Google Buys Twitter? Chris O'Brien's 11 Predictions for 2011 - almond
http://www.mercurynews.com/business/ci_16930409

======
look_lookatme
I would like to see _someone_ buy Twitter, if only to have a different set of
engineers and product people tackle their issues. I find twitter search to be
very useful in theory, but useless in practice. Mostly I get the "older tweets
for <term> are unavailable" message.

If it takes an acquisition to make Twitter more useful, I'm all for it.

------
elvirs
There are two spheres on twitter, the first one is a broadcasting tool, its
the accounts with large follower numbers broadcast their stuff, mostly its
promotional stuff but it has a use too. They pay attention to the tweets where
their username is mentioned and average joe whose voice was ignored now could
make some big brand listen to him and resolve a problem if he has one. the
other sphere is the chitchat region, where users with medium number of
followers and follow decent number of people have conversations, most of that
are retweets, which is just copies of someone's message, retweets are
pointless but provide good statistics for trends and stuff. anyway, twitter is
definitely useful because it is a large pool of current and latest
information, but you need really good filtering tools to get what exactly you
want, not unrelated noise. in terms of monetizing twitter is in trouble. they
want to stick ads in those 140 characters? its going to be hard as long as the
ads look like ads, but if they manage to learn about the user and his needs
for that particular moment so they could serve ads that do not look like ads
but are more the services that user needs at that point, then there is a
bingo. and yeah about google, i dont think google should buy twitter, it does
not fit, and google does not really need it. twitter would make a good company
standalone.

------
pluies
The expression is "without further ado", broadly standing for "without any
more fuss", and not "without further adieu". "Adieu", borrowed from the French
word for "farewell", doesn't make any sense at all in this context.

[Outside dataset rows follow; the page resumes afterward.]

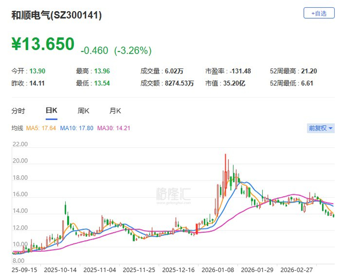 A股异动丨和顺电气盘中跌4% 股价创逾2个月新低
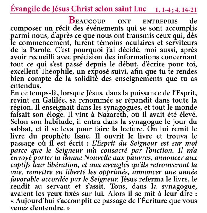 Evangile du 3ème Dimanche du Temps ordinaire – Année C – Extrait de la Traduction Liturgique de la Bible – © AELF, Paris
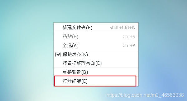 在我們界面里面右鍵,點(diǎn)擊打開終端,就可以在里面敲命令了
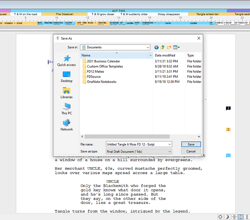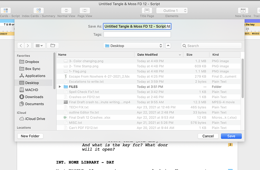 First, let's be clear: Final Draft does not store your files — scripts, outlines, or otherwise. Final Draft is the software you use to create your work, and that work is saved in files with the extension FDX. These FDX files have to be saved somewhere.Let’s think of your computer as a desk. Final Draft 12 (or whichever version you're currently working on) is a pen on that desk. The FDX files that you create in Final Draft are pieces of paper. At the end of a work session, you have to decide where to put your pieces of paper. This will be done when you click Save As. Every time you click Save As, you will be shown this window:

I know it's nitpicking and doesn't add a lot, but still. And I can't even post
it on the website because it requires a facebook account. Blegh :(

------
scorpion032
It depends on how well Google Me does.

If Google Me indeed takes off, as a social layer (on top of application and
presentation layer), they could just make buzz more prominent.

But if it doesn't, which it may, considering Google's failed investments in
Buzz, Wave, Me, investment to buy twitter would seem compelling.

------
mikeryan
I'd actually be really surprised if Groupon doesn't go public this year.
Considering they just passed on Google's acquisition I don't think they're
going to have a better time to go public then in the next year, before their
brand gets too diluted with competitors. I think a lot of investors would also
be very happy to get in on a hot new tech property like Groupon, as the
economy inches back towards a recovery.

And a cloud bubble? Really its pretty damn obvious for the lsat year that
cloud based services are damn hot right now, but a bubble? This one is barely
just a prediction he's pretty much stating what is currently happening. He can
declare victory on this "prediction" on Jan 1.

------
cloudwalking
If Twitter has no sustainable business model, I'm curious how Google is going
to make money with it.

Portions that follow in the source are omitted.